* _Work instructions_
Only an exact copy belongs in the answer: the line with "Purple lily or" and every line after it through the end of the records, pictures left out.

** Opening The records block **

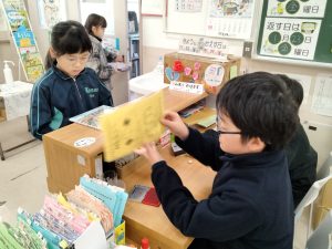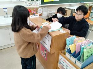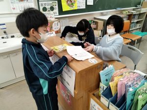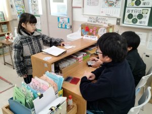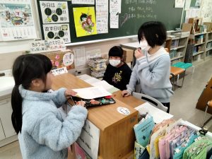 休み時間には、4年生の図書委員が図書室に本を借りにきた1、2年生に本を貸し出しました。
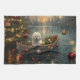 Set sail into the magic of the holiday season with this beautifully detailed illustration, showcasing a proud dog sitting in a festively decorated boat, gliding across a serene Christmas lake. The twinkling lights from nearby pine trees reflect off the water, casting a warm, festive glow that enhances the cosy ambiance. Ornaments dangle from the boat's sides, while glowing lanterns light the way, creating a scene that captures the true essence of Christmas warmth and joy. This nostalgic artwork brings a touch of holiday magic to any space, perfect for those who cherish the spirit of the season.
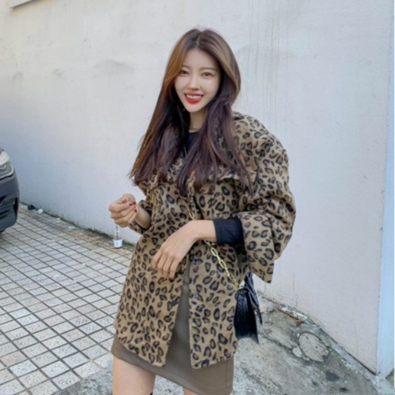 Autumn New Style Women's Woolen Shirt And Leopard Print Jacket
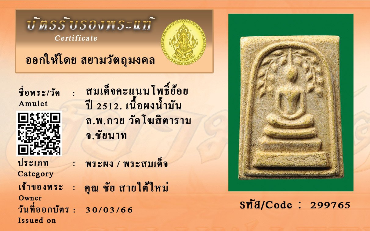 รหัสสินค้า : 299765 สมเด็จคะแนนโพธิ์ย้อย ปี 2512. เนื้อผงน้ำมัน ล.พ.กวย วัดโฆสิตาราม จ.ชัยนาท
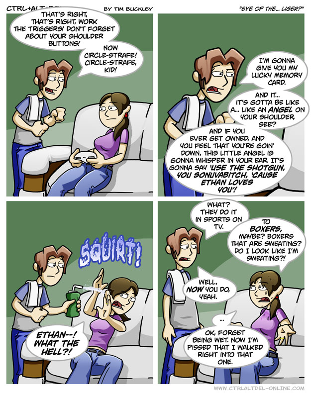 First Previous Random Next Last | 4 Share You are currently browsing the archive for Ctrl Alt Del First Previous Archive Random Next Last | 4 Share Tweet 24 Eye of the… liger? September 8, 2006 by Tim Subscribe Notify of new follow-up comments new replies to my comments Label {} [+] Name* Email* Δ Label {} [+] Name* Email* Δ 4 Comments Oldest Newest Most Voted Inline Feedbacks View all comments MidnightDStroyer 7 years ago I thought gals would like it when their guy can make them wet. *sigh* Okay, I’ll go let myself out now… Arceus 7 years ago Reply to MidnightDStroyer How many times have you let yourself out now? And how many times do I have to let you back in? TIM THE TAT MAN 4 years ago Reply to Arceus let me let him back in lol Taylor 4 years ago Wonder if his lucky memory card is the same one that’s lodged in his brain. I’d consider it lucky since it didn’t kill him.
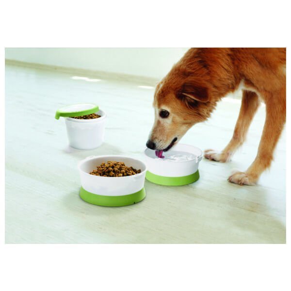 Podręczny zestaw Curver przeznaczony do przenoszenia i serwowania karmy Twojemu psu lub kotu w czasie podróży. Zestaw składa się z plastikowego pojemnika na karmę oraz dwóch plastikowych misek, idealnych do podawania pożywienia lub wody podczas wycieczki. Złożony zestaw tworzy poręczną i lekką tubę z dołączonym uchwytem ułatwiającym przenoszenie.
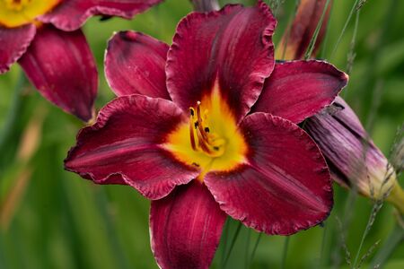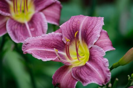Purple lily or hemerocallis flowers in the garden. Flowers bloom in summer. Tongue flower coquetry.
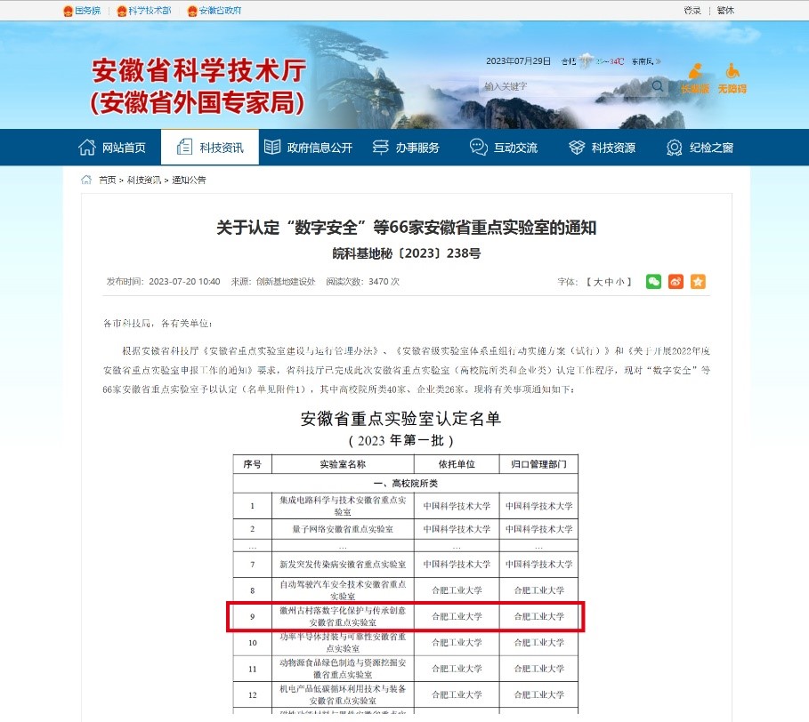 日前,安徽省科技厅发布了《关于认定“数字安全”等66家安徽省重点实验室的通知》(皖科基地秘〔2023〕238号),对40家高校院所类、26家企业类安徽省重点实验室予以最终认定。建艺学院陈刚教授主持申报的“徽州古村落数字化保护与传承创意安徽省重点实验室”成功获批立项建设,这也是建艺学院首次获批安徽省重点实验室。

** Closing The records block **

* _Completed exercise_
Purple lily or hemerocallis flowers in the garden. Flowers bloom in summer. Tongue flower coquetry.
 日前,安徽省科技厅发布了《关于认定“数字安全”等66家安徽省重点实验室的通知》(皖科基地秘〔2023〕238号),对40家高校院所类、26家企业类安徽省重点实验室予以最终认定。建艺学院陈刚教授主持申报的“徽州古村落数字化保护与传承创意安徽省重点实验室”成功获批立项建设,这也是建艺学院首次获批安徽省重点实验室。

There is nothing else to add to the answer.